I did at one point directly bring up the shove down, back off (allowing the disadvantaged OA) noting there the half move up prevents them closing to strike again (normal movenent assumptions) and that still works with 25'dwarf move so... Again not really dwarf centered.

So, if you need ro conjure staunch advocates of the shove back maneuver power to spar with after conjuring how many dwarves can dance on the head of the pin into that mix, you need to look elsewhere.
 

I did at one point directly bring up the shove down, back off (allowing the disadvantaged OA) noting there the half move up prevents them closing to strike again (normal movenent assumptions) and that still works with 25'dwarf move so... Again not really dwarf centered.

Yet you could never explain why the tactic would ever work, dwarf or no.

In most games, this would just be a pointless tactic that means that the opponent would simply attack someone else, frequently someone with fewer HP and lower AC.

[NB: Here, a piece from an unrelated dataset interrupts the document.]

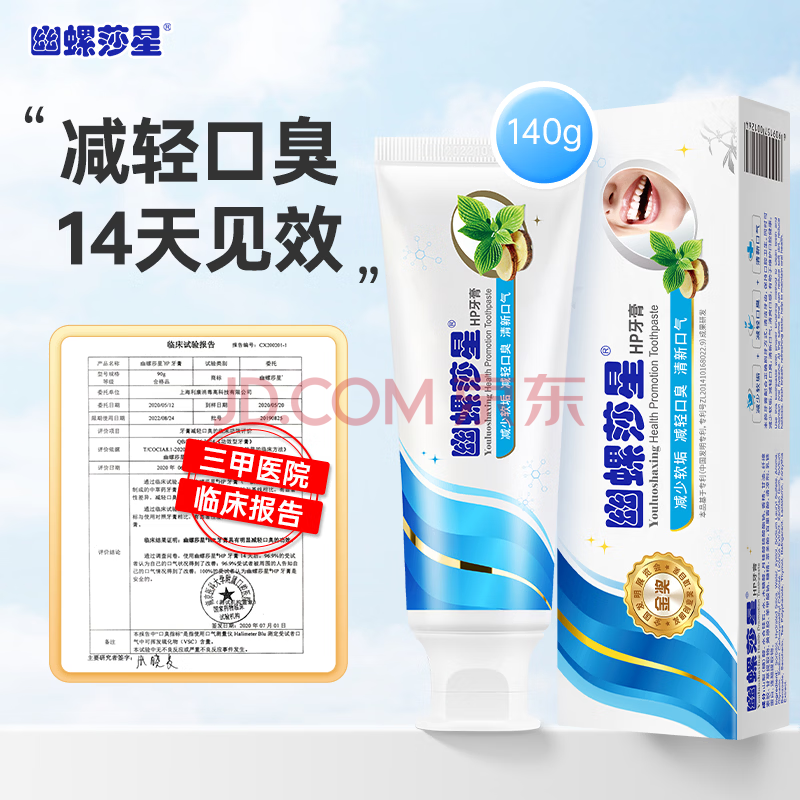 商品相册:幽螺莎星牙齿膏薄荷减轻口臭去烟臭异味口气护理螺旋沙星牙膏140g第

Just as a refresher, here's my logic
In order for the shove and run tactic to work pretty much all of the following conditions have be met:
A) The rest of your party is ranged, and is more than the enemy's movement speed away after the shove.
B) The PC must move as fast or faster than the enemy. So too bad dwarves, hope you aren't fighting a monster that has better than your base move.
C) This can be the only enemy threatening you. No other enemies adjacent when you flee.
D) The enemy either came to you or it's not the first round so you still have your full movement.
E) There's someplace to shove the enemy so they are farther away.
F) You are in the open with no obstruction to movement and everyone can use their movement every round to get away without provoking themselves.
G) The monster can't have ranged attacks

Admittedly you're saying knock prone and provoke an opportunity attack is a good idea (I disagree) instead of shoving so B may not apply, but the rest of the options still do.

Maybe you play a game of "tag your it" where the enemy is forced to go after the person that attacked last, but I'm assuming most people don't.